Read up on the Neo Luddism movement, started by an organization named Luddite. Heck, there’s also a term we use in Economics to refer to the fear of technological unemployment called the Luddite Fallacy.

Speaking more about Luddism would be out-of-context of the article, so that’s a topic for another day.

Anyway let me direct your attention to Rahul’s article once again, here’s something that he mentioned which I can’t bring myself to agree with.

*…The availability of such packages has led a lot of people to think that data science could be fully automated, eliminating the need for data scientists altogether. Or, if the processes can’t be automated, these tools will allow anyone to become a data scientist*. [1]

I believe he’s concerned about the advent of AutoML software like MindsDB which is completely baseless.

MindsDB is an amazing piece of open-source AutoML software though, check them out.

The misconception of anyone being able to create Neural Nets using AutoML software arose after Sundar Pichai announced Google’s new invention to the global audience. In his pitch, he stated AutoML would enable our community to create & design Neural Nets which was previously a skill held by only a few with a Ph.D.

And I quote him;

Today, designing neural nets is extremely time-intensive, and requires an expertise that limits its use to a smaller community of scientists and engineers. That’s why we’ve created an approach called AutoML, showing that it’s possible for neural nets to design neural nets. We hope AutoML will take an ability that a few PhDs have today and will make it possible in three to five years for hundreds of thousands of developers to design new neural nets for their particular needs. [5]

Did you read where he mentions AutoML is meant for developers? Understand what that means.

To give an analogy consider I own a company & our app can make your picture look older using Generative Adversarial Networks(GANs). There’s one position available to develop my app further. I could hire an individual with a Ph.D. or an experienced software developer. Sure the Ph.D. holder would’ve got a greater understanding of how exactly a GAN works underneath. While the developer would prefer using a framework like Keras to abstract away building the GAN & focus more on perfecting how the app works.

If I want my company to sustain profitably, should I hire a guy with a Ph.D. or a developer?

Without a doubt, I would place my bets on the developer to deliver me a production-capable product on time, considering the constraints I’m under.

Personal opinion aside, abstractions in technology are unavoidable. At some point in time, repetitive tasks like data augmentations, data cleaning, etc NEED to be abstracted to save up on developer time.

And Finally, Wrapping Up

The field of Data Science & ML is extremely broad with specific requirements even within its subfields! There’s no way an individual can become a true master of Data Science in one lifetime. But fortunately, being a jack of all trades & master of none in the field of Data Science can be good. You just need to apply the right skill to the right situation.

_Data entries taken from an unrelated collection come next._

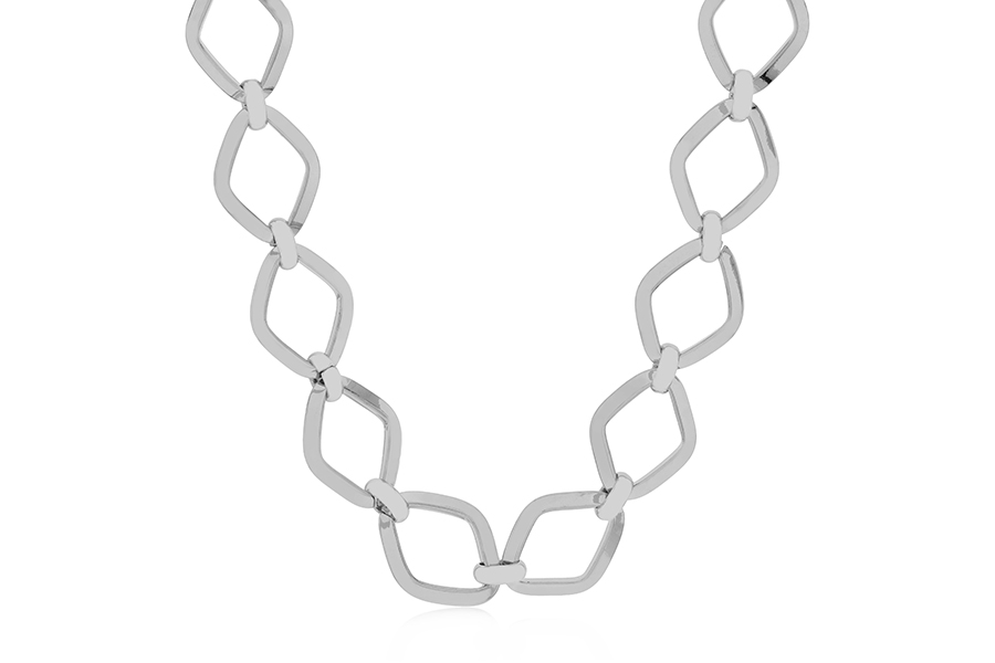 CORRENTE BANHADA EM PRATA LEVE, ELO LACRAIA LAMINADA 3mm LARGURA, 43cm COMPRIMENTO E PESO 6,00g
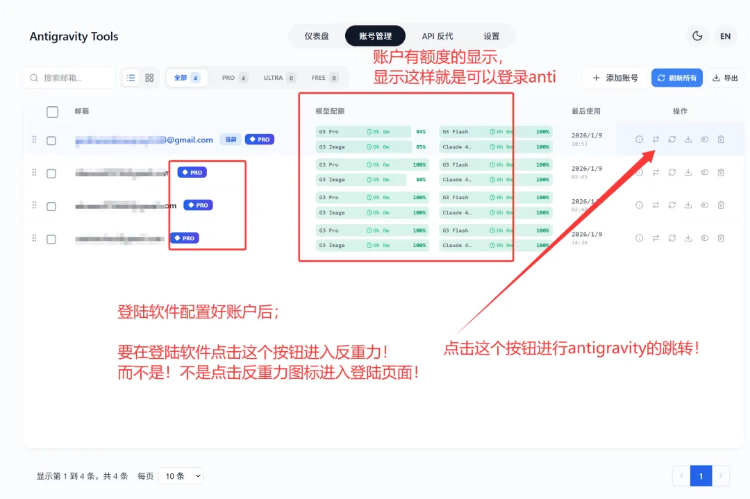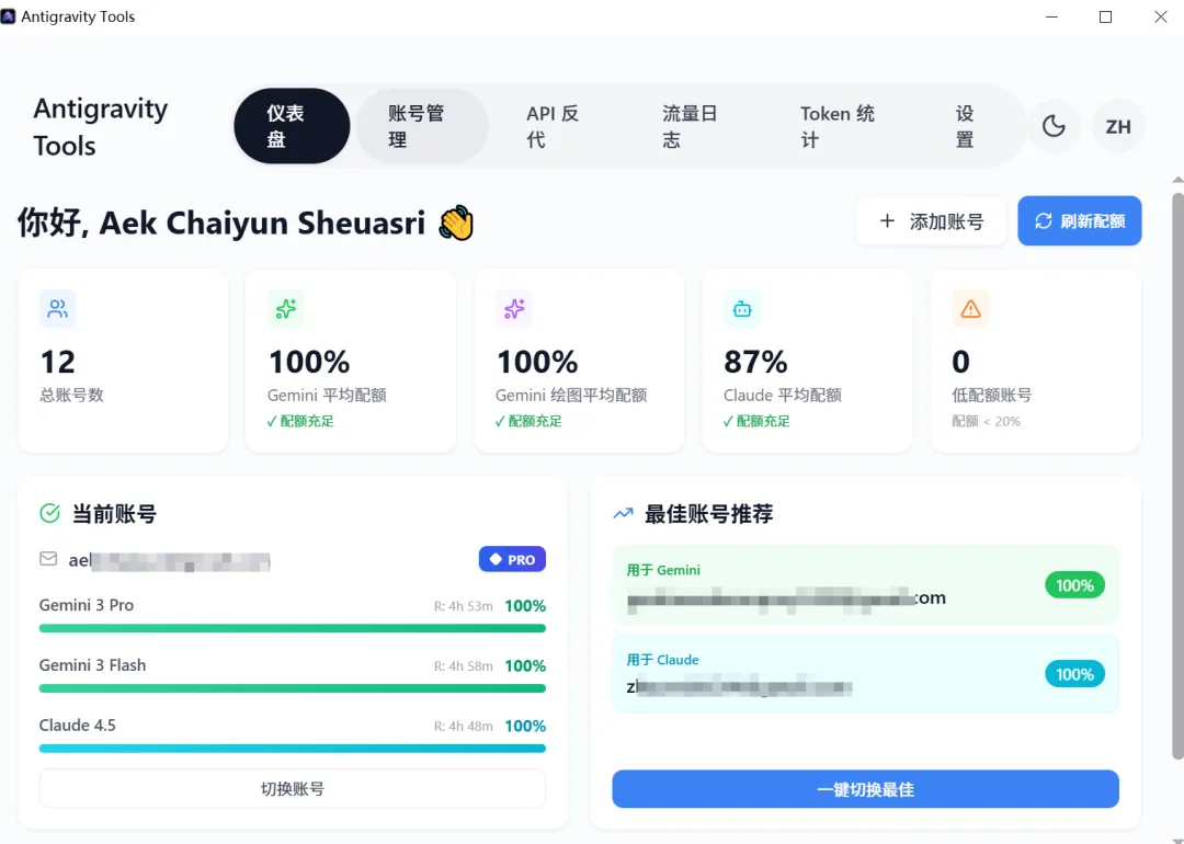 安装后打开 Antigravity Tools,点击 OAuth 认证登录,浏览器会自动跳转到 Google 授权页面。完成授权后,工具面板会显示你的账户信息,表示登录成功!:登录成功后会面板显示账户信息.png (Alt: 登录成功)⚙️ 第三步:从 Tools 切入 IDE
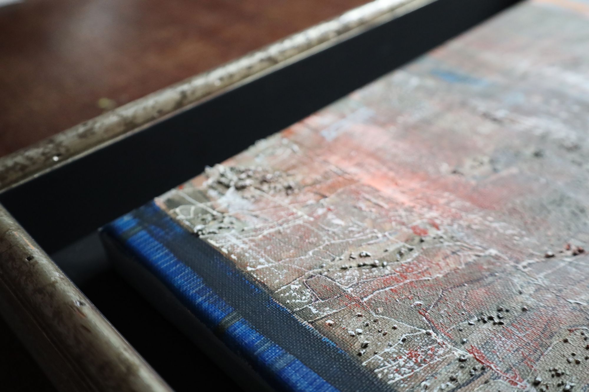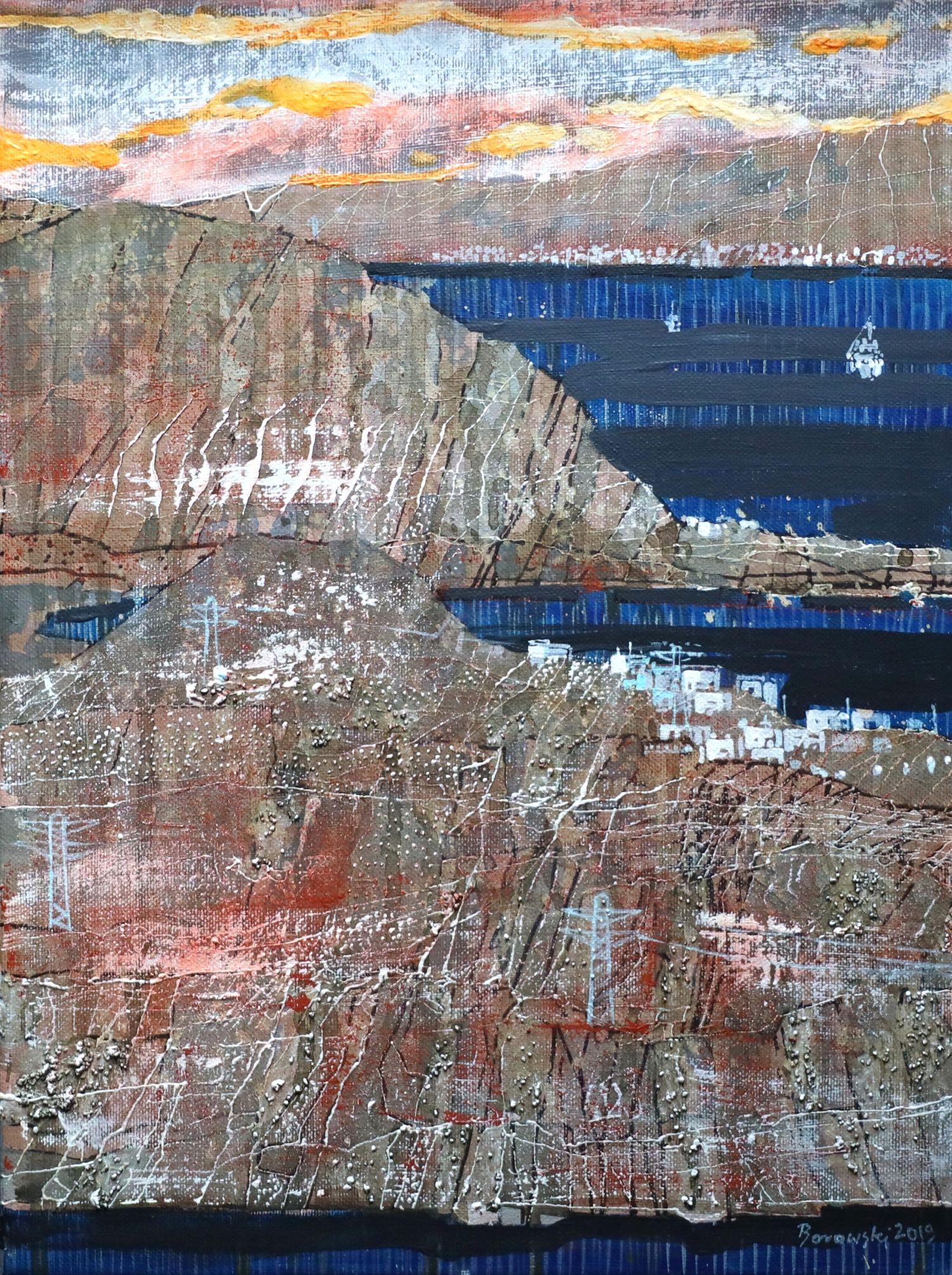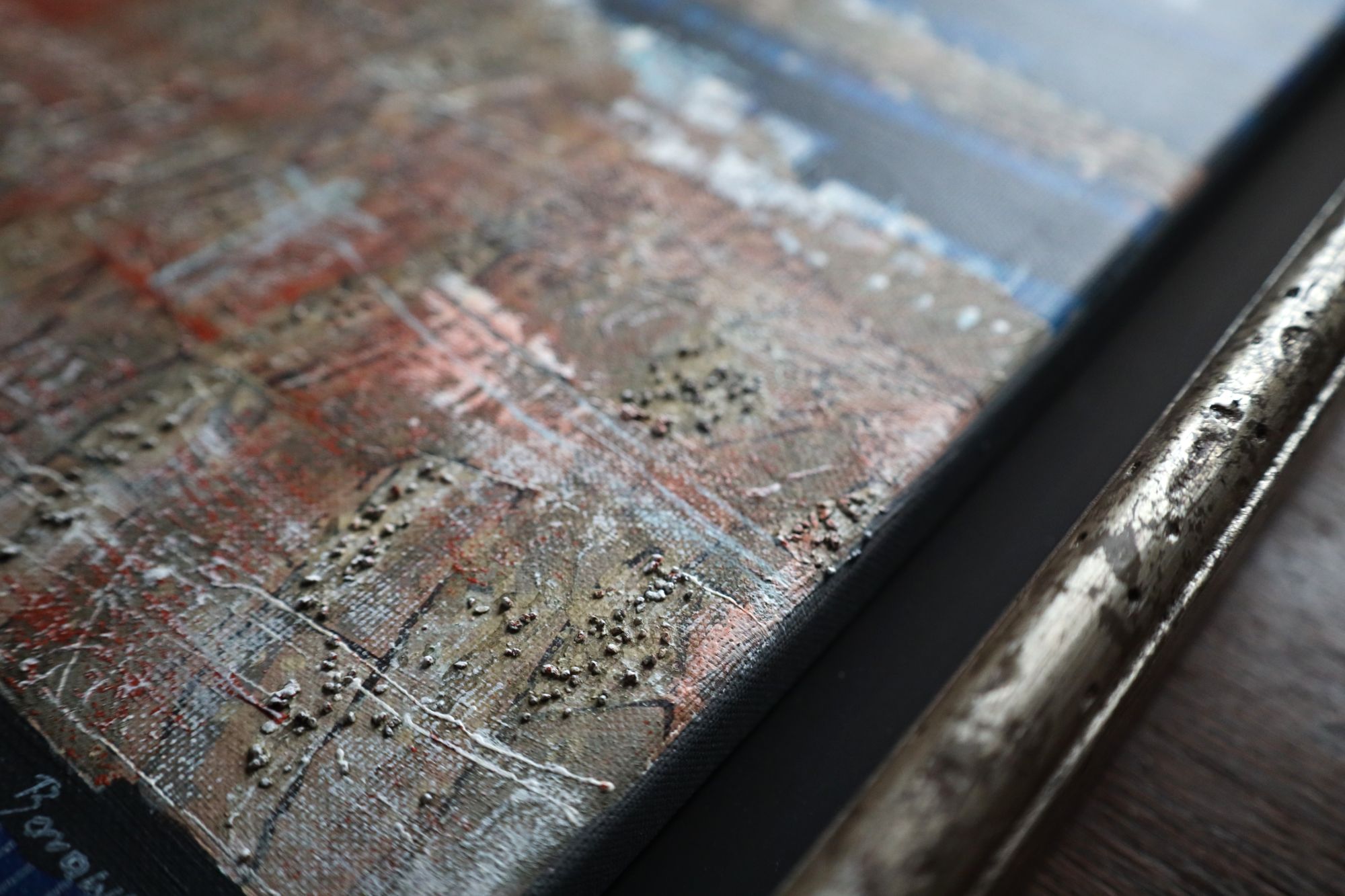 Obraz akrylowy na płótnie. Nowoczesny pejzaż. Obraz utrzymany w ciepłych kolorach. Oprawiony w wysokiej jakości ramę drewnianą typu american box, ręcznie wykończoną, wewnątrz czarna, matowa patyna, na zewnątrz płatkowana, postarzana.
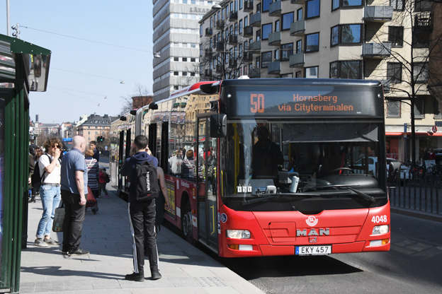 Resandet med SL:s busstrafik ökade med 3,6 procent under årets första fyra månader. Men dålig framkomlighet i innerstaden gör att SL kommer att landa klart under sitt eget mål för 2019. Foto: Ulo Maasing.
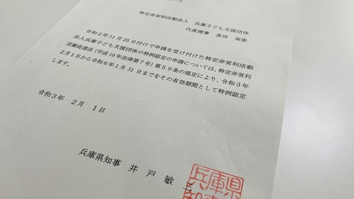 特定非営利活動法人兵庫子ども支援団体は「特例認定NPO法人」として特例認定されています。このプロジェクトへのご寄付は、税制優遇の対象となり、所得税(国税)の計算において「寄付金控除」を受けることができます。控除をお受けいただくためには、確定申告の際に、当団体が発行した「寄付金受領証」(領収書)の提出が必要となります。なお、領収書は基本として2021年分を2022年1〜2月にまとめてお送りいたします。
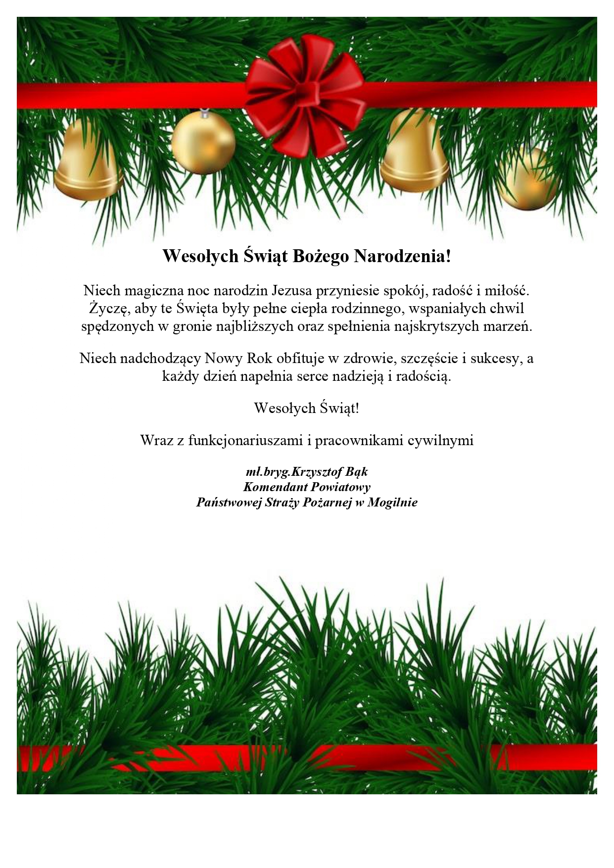 Życzenia Bożonarodzeniowe Komendanta Powiatowego PSP w Mogilnie
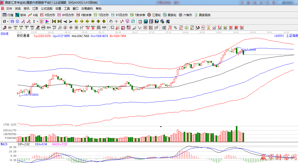 盤面上,鋼鐵、保險、銀行、航空等權(quán)重股表現(xiàn)低迷,僅有港口自貿(mào),旅游,油改小幅活躍,消息面,業(yè)內(nèi)人士分析,本周新股發(fā)行凍結(jié)資金可能在6000億元以上,加之國慶大假等因素,A股資金面將面臨嚴(yán)峻的考驗,技術(shù)面,前期分析中提到的周五最后一小時選擇短線方向,今日如期應(yīng)驗,至收盤形態(tài)上出現(xiàn)下降三法走勢,短期市場保持謹(jǐn)慎為主。
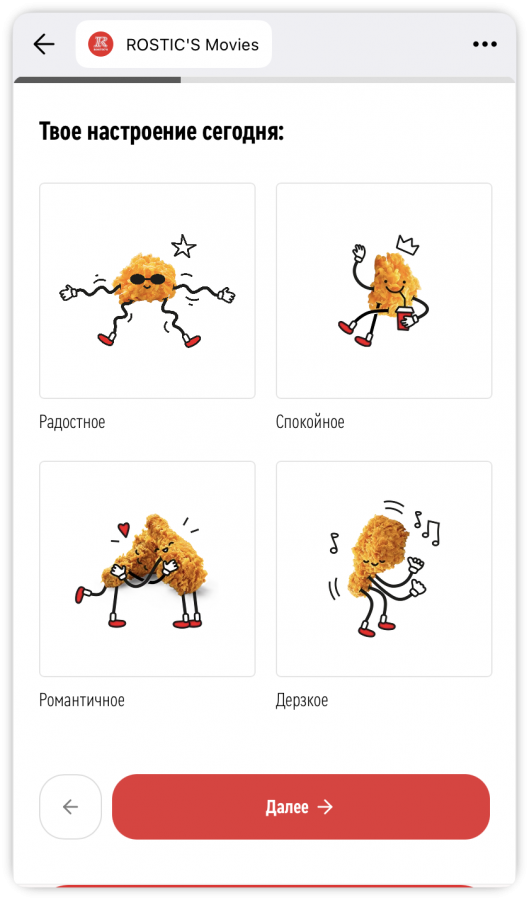 В рамках новой рекламной кампании «Настроение есть!» бренд запустил мини-приложение ROSTIC’S Movies в Telegram, закрепляя это позиционирование на территории кино. Мессенджер привычен аудитории, а формат Mini App открывает простор для легких интерактивных механик и позволяет пользователям выбрать фильм на вечер вместе с подходящим настроением.
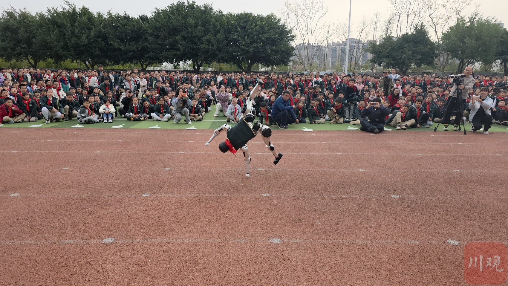 人形機(jī)器人為師生表演側(cè)空翻,引得掌聲不斷。
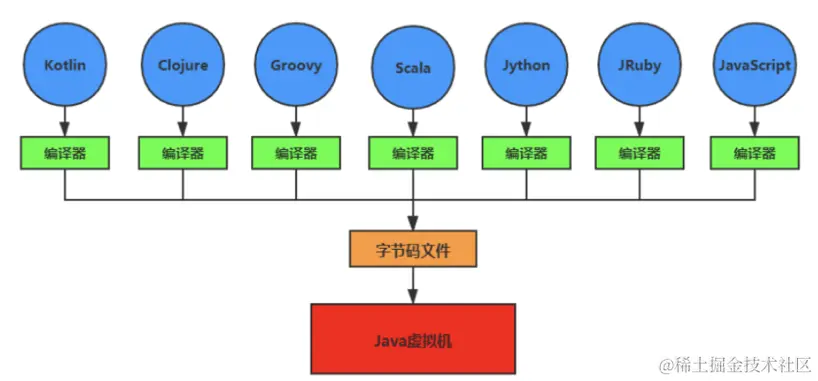 - 随着Java7的正式发布,Java虚拟机的设计者们通过JSR-292规范基本实现在Java虚拟机上运行非Java语言编写的程序;

We’re living at an amazing point in time.

The advancements made in the field of AI & ML can at times be overwhelming no doubt. Many of us aspire to make the most out of this opportunity, financially. You might be just happy with a full-time job while your friend might want to start his own ML venture. Each of your approaches will definitely be different as I’ve mentioned previously.

So know what you want to do in the future & figure out the right approach for your aspirations.

Besides, we should always remind ourselves time-to-time, the benefits such fast-paced developments have brought to us as a community. Change is good, we just need to know how to mould ourselves according to the ever-changing technological environment out there.

References

[1] Imarticus Nirmal, 10 Common Misconceptions About Machine Learning, Data Science Association (2018)

[2] Rahul Agarwal, Don’t Democratize Data Science, Towards Data Science (2020)

[3] Caleb Kaiser, Deep Learning Isn’t Hard Anymore, Towards Data Science (2020)

[4] The Leader of the Luddites. Hand-coloured Etching, Luddite — Wikipedia (1812)

[5] Rachel Thomas, Google’s AutoML: Cutting Through the Hype, fast.ai (2018)